1. An SSI param for "mpi_hostmap" (the 7.0 code base does not have the
built-in parameter registration system that exists in 7.1; I believe it
would have to be done with vanilla getenv's in the 7.0 code base).

2. Hooks into all the rpi modules that use TCP (tcp, crtcp, sysv, usysv)
to do the address translation (e.g., share/ssi/rpi/tcp/src/ssi_rpi_tcp.c;
search for "hostmap").

3. The translation functions (share/ssi/rpi/base/ssi_hostmap.c).

4. The default [empty] installed hostmap file (etc/lam-hostmap.txt).
It's slightly easier if there's always a file there that can be parsed
rather than only parsing if there's a file there, etc.

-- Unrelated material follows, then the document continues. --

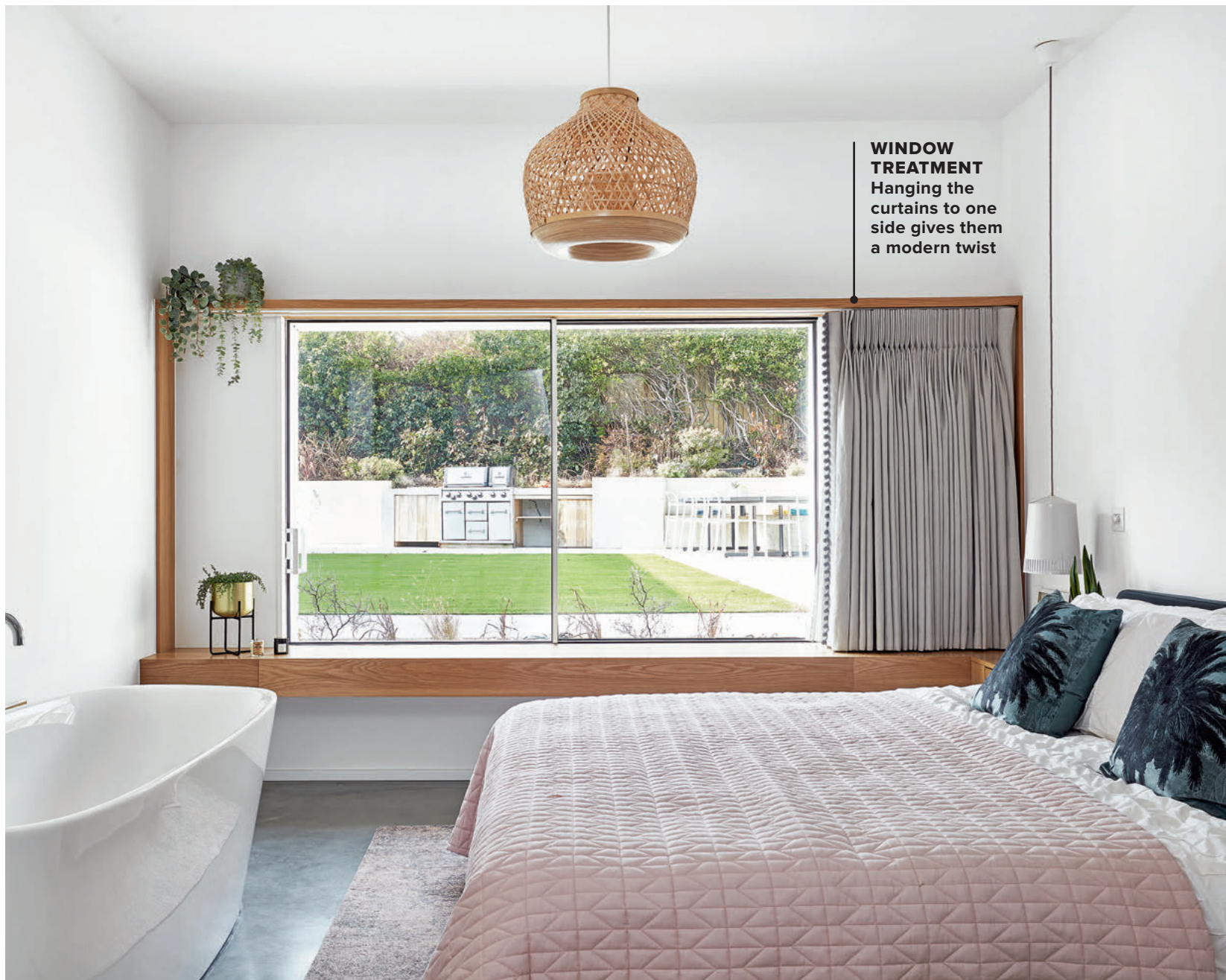
WINDOW TREATMENT Hanging the curtains to one side gives them a modern twist

5. Calls in the SSI startup and shutdown (open and close) to call the
hostmap startup and shutdown functions.

I've attached an extended grep across the CVS HEAD for all "hostmap" kinds
of things so that you can get an idea of where things are. The command I
used for grep was:

grep -r hostmap * | & grep -v Makefile | grep -v "Binary file" | grep -v \
/CVS/ | grep -v .deps | grep -v .lo: | grep -v HISTORY | grep -v doc/

> > There is now a new SSI parameter "mpi_hostmap" (its prefix of "mpi"
> > is meant to imply that it applies to all MPI SSI modules).
>
> I was thinking even farther than this, to allow a command that
> receives hostnames on stdin and writes mangled ones on stdout. The
> current, file-based behaviour, could then be emulated through 'cat
> hostmap'. Then, instead of writting a hostmap, I would use something
> like 'sed s/node/gige/'. Of course, this would add more complexity
> into LAM...

I'd prefer the static lookups, just for simplicity of implementation for
LAM and because it's already implemented. ;-)

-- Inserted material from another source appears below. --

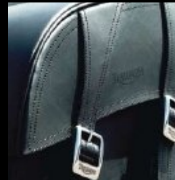
CREATE MY TRIUMPH p39 Have it your way. Exactly your way. By personalising your Triumph online at triumphmotorcycles.com Any bike. Any accessory. Any colour.

It's roughly equivalent, either way -- chances are that the sysadmin is
going to setup the translation just once anyway. So whether you write a
regexp (or series of regexps if you have a highly heterogeneous cluster)
or have a list of concrete translations, it really comes down to the same
thing. Sure, you have to cut-n-paste a bit more for the static lookups,
but it's a pretty easy/straightforward to understand method.

Also, in future versions of LAM, this capability will be provided, but
more than likely through a different mechanism.

-- 
{+} Jeff Squyres
{+} jsquyres_at_[hidden]
{+} http://www.lam-mpi.org/